» **About this exercise**
Return the lines of the listing below exactly as they appear, beginning at the one with "Zornăitorul are urechiușe" and stopping after the one with "I’ve been using"; do not include pictures.

» **Provided material**

◇ ◇ ◇ ◇ ◇

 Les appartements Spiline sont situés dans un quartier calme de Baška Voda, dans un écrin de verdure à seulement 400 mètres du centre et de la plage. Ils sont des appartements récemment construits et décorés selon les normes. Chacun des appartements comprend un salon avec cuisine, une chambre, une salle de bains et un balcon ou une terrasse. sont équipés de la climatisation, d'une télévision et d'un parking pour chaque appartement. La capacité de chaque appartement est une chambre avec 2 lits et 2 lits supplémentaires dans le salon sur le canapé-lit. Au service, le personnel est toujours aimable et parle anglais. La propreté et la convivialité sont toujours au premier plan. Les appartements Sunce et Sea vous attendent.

◇ ◇ ◇ ◇ ◇

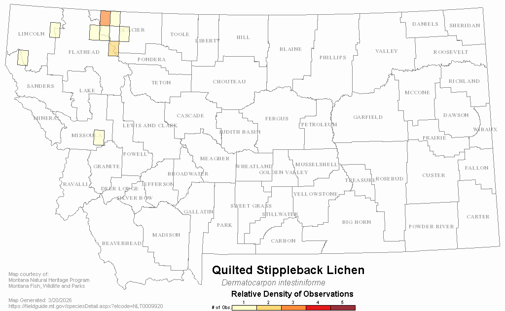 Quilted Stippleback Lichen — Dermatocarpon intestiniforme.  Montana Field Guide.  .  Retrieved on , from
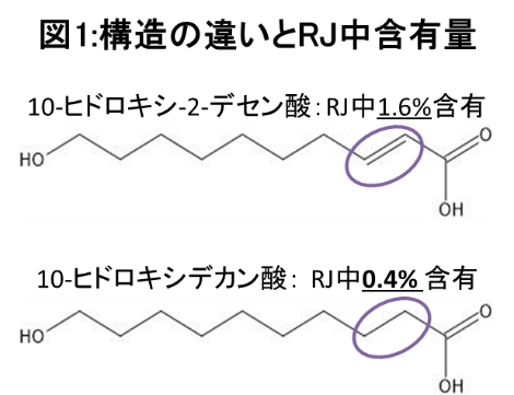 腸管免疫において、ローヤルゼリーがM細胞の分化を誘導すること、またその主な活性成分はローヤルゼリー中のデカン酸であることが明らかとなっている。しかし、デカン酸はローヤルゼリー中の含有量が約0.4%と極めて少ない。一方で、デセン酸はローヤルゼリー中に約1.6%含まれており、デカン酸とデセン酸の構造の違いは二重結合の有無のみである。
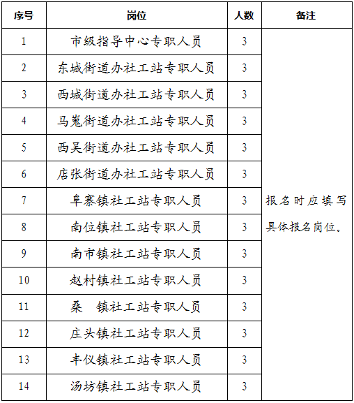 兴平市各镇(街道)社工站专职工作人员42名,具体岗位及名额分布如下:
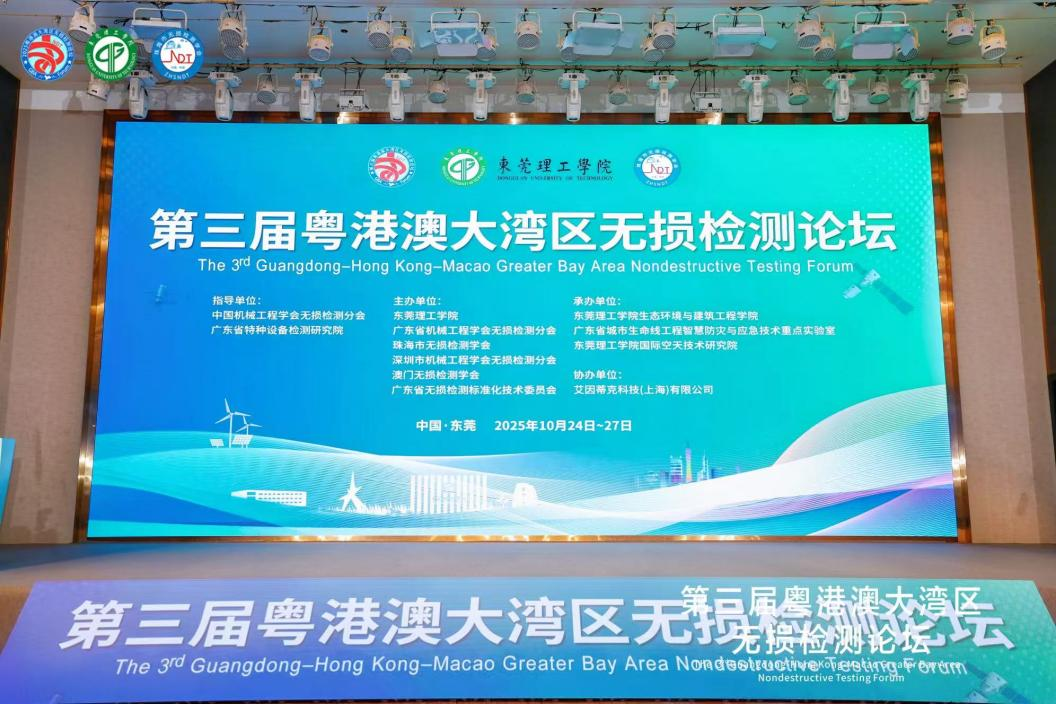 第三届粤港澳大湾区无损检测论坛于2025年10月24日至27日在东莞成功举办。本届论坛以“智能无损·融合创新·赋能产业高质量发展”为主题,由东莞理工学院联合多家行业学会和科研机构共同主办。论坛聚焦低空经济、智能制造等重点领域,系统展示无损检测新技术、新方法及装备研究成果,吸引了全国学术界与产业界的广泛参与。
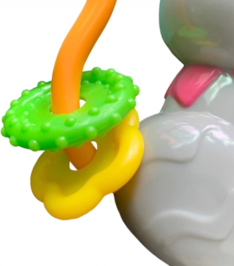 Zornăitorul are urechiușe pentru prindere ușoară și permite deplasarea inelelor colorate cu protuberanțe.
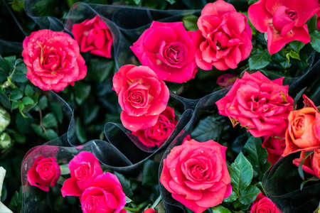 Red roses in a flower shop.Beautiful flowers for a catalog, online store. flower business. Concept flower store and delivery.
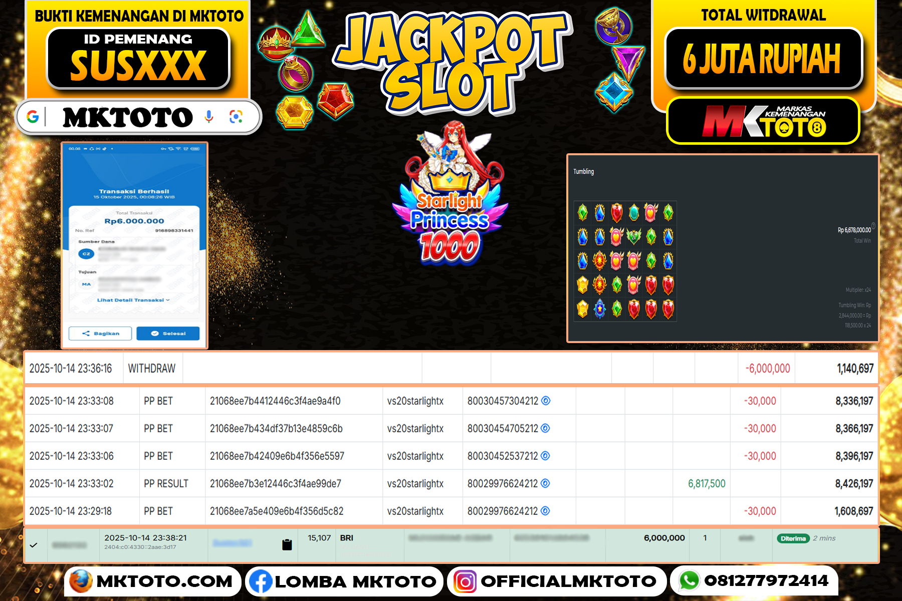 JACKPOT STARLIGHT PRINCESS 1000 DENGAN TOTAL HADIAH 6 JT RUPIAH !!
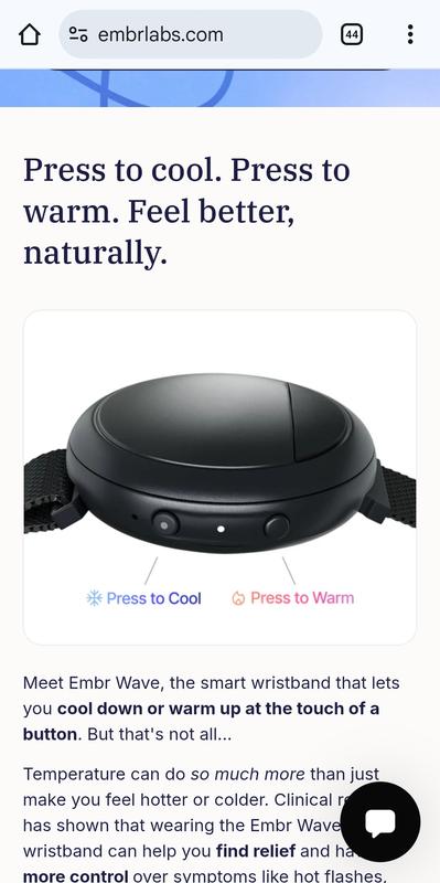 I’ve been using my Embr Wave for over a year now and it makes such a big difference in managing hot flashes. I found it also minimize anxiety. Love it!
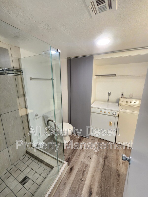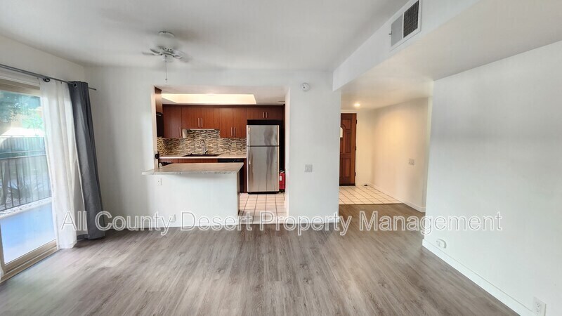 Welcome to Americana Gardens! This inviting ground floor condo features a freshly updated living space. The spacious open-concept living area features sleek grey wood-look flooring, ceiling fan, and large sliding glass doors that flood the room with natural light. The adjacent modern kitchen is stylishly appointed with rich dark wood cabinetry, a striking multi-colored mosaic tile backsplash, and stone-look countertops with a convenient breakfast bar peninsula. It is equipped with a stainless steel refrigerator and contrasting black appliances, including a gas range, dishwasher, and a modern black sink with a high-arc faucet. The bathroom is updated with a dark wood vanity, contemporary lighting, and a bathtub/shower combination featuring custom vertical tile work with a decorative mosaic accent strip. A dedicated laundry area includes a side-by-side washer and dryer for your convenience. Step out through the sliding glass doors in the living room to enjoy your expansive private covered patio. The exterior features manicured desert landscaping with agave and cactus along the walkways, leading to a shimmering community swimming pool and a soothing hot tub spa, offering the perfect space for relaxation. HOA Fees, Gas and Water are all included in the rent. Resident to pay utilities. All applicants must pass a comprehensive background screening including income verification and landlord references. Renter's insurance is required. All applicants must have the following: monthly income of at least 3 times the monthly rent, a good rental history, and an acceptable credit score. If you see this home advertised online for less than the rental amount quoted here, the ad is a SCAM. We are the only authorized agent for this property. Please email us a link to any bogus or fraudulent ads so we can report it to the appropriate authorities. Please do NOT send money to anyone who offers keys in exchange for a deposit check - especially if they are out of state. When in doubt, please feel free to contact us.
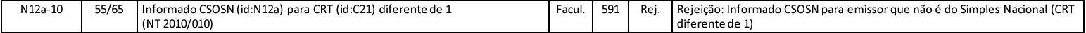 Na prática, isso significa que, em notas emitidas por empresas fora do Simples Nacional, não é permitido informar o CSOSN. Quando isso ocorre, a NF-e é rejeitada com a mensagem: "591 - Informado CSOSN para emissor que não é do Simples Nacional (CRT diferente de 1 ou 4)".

◇ ◇ ◇ ◇ ◇

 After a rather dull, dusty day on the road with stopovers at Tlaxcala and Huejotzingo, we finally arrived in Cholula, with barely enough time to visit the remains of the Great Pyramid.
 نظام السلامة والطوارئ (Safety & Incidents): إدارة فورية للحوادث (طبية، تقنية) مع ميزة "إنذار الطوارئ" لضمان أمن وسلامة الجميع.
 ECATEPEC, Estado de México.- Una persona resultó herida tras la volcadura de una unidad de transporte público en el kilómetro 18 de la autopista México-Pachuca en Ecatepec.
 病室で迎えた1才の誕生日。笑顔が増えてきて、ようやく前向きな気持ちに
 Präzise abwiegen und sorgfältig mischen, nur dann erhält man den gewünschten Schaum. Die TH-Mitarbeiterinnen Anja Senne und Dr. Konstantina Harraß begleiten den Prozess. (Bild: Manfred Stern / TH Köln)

◇ ◇ ◇ ◇ ◇

» **Exercise answer**
 Zornăitorul are urechiușe pentru prindere ușoară și permite deplasarea inelelor colorate cu protuberanțe.
 Red roses in a flower shop.Beautiful flowers for a catalog, online store. flower business. Concept flower store and delivery.
 JACKPOT STARLIGHT PRINCESS 1000 DENGAN TOTAL HADIAH 6 JT RUPIAH !!
 I’ve been using my Embr Wave for over a year now and it makes such a big difference in managing hot flashes. I found it also minimize anxiety. Love it!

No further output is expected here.